Using Hadoop and Hive/Spark/Presto we can also do slice and dice, find percentage or anomalies and do time series analysis. Using a data warehouse we can also do machine learning and data mining to find patterns in the data, do statistical analysis, and create forecasts. So basically, whether we store the data in Hadoop or in a data warehouse, we can still do complete analysis.

The issue here is storing it. Linking 100 tables in Hadoop is difficult and not natural. RDBMS such as SQL Server or Oracle is designed precisely for that task: linking and joining tables. Constructing a data model linking 100 tables is very suitable for an RDBMS. Can we design a data model linking 100 files with different structures in Hadoop? Of course we can. But it is much more difficult. For starters, it is Schema-on-Read, so the columns in the files have no data types. Schema-on-Read means that we don’t try to understand the relationship between the files when loading them into Hadoop. So yes we can load the 100 files into Hadoop, but we keep them as individual files, without relationships between them. This is the same as in Data Lake, which is also using Schema-on-Read, also using HDFS.

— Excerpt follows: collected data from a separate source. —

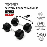 Купить Пара гексагональных гантелей Gravity, вес одной гантели 5 кг, общий вес 10 кг, цвет черный с доставкой по всей России.
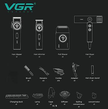 VGR, набор для парикмахера, машинка для стрижки, триммер, шейвер, фен, VGR Stepless Pro 4 в 1, профессиональный набор, уход за волосами, груминг, V-001 Pro, V-977, BLDC motor.
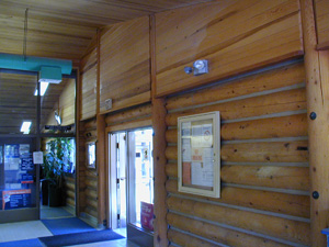 Logs "Authentic" half log siding is used to accent in gathering areas without
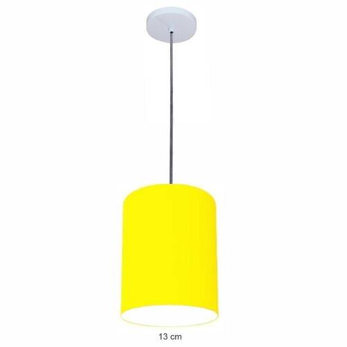Lustre Luminária Pendente Vivare Free Lux Pe-4103br Cúpula Em Tecido 15x20cm Amarelo Canopla Branca E Fio Cristal
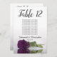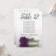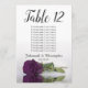 These beautiful table number cards will make it easy for your guests to find their seats at your wedding reception. They feature a simple yet elegant design with script calligraphy lettering and a single long-stemmed plum purple or eggplant colored rose lying on its side reflecting in water. The card includes a seating chart with 10 names. There is also space for the couple's names and wedding date. This card is available in a variety of sizes and is larger than our standard table number cards.
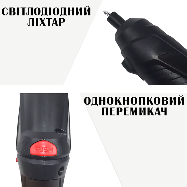 - Універсальний набір насадок: До комплекту входять насадки для роботи з різними типами гвинтів і болтів, що робить шурупокрут багатофункціональним помічником у будь-якому проєкті;

2. Data Volume: Small vs Large

100 files containing 10 million rows each is 1 billion rows per day. If all 100 files have the same structure (say they all consists of the same 10 columns), then we will have a performance problem if we load them into an SMP database such as SQL Server or Oracle. Within 3 years, this table will have about 1 trillion rows. Even with partitioning and indexing, it will still be slow to query.

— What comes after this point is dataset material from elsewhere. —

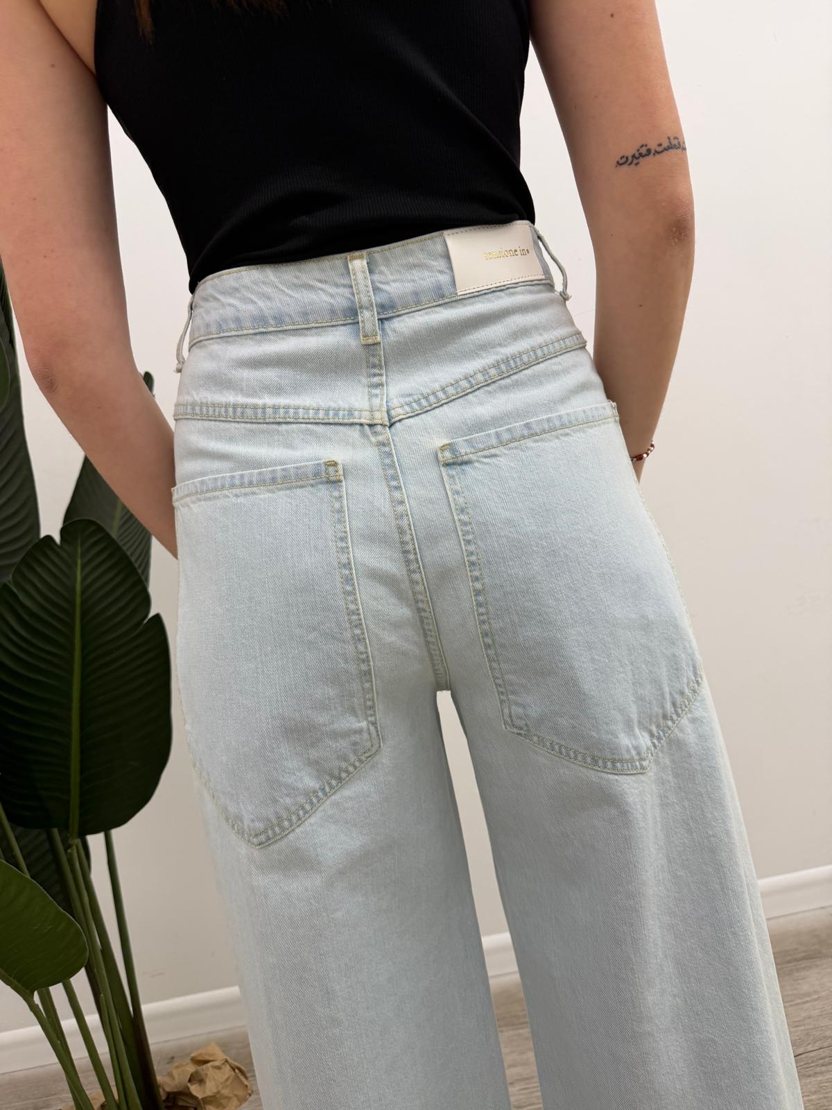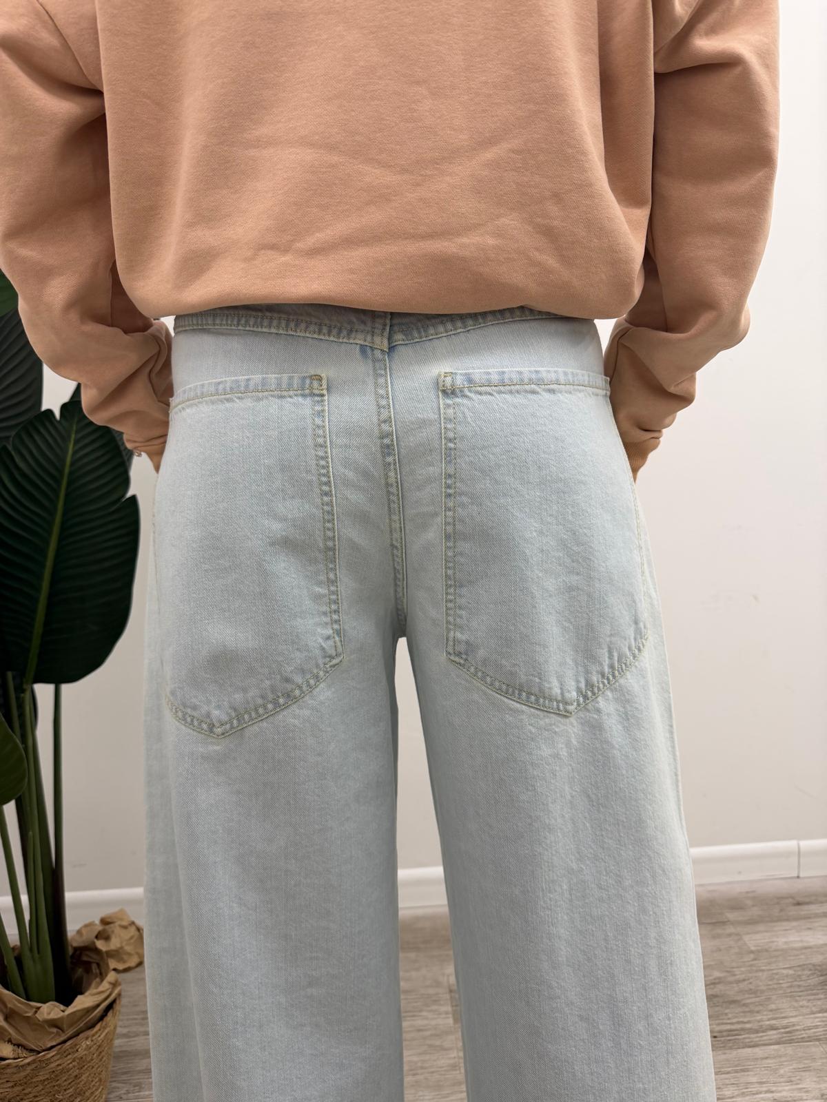 VESTIBILITA': modello baggy-fit a vita medio-alta con fianco morbido, gamba ampia e dritta

Hadoop on the other hand, will have no problem storing and querying 1 trillion rows. It is designed exactly for this task, by storing it in many files and querying it in parallel using Stinger, Drill, Phoenix, Impala or Spark. The file structure is simple (the same 10 columns each) which lends itself to Hadoop.

Redshift, Azure SQL Data Warehouse, Exadata, Teradata, Greenplum and Netezza are more than capable to handle this, with excellent query performance. But MPPs are more costly than Hadoop, which is why companies tend to choose Hadoop for this task. Using an MPP for this task is like killing a fly with a canon. Not only it is expensive and unnecessary, but also it is too sluggish and cumbersome for the task.

If the 100 source files have a complex structure (such as an export from SAP system) then yes an MPP is a suitable solution as we need to create relationship between the files/tables. But if the source files have a simple structure and we just need to union them, then Hadoop is more suitable and more economical for this task.

So if the data volume is large, like 1 billion per day, and the data structure is simple, put them into Hadoop. But if the data volume is large and the data structure is complex, put them into an MPP.

3. Unstructured Data

If most of those 100 source files are MP4 (video) or MP3 (music), then Hadoop or Data Lake is an ideal platform to store them. An RDBMS be it SNP or MPP are not designed to store video or music files. They can (as a blob, or as externally-linked files), but they are not really designed for it.

If the source files have different number of attributes (such as Facebook or Twitter files,) then Hadoop or Data Lake is an ideal platform to store them. An RDBMS is not really designed for it.

Unstructured Data can also comes in the form of free-format text files (such as emails) and documents (such as journals and patents). Again Hadoop or Data Lake is much better position to store them than a RDBMS. But even better is document database, such as MongoDB, AWS DynamoDB or Azure CosmosDB.

4. Schema-on-Read

One of the advantages of using Hadoop or Data Lake is that they are Schema-on-Read. Meaning that we just store those files without determining whether the columns are numeric or string. It is only when we want to query it then we need to specify the data type.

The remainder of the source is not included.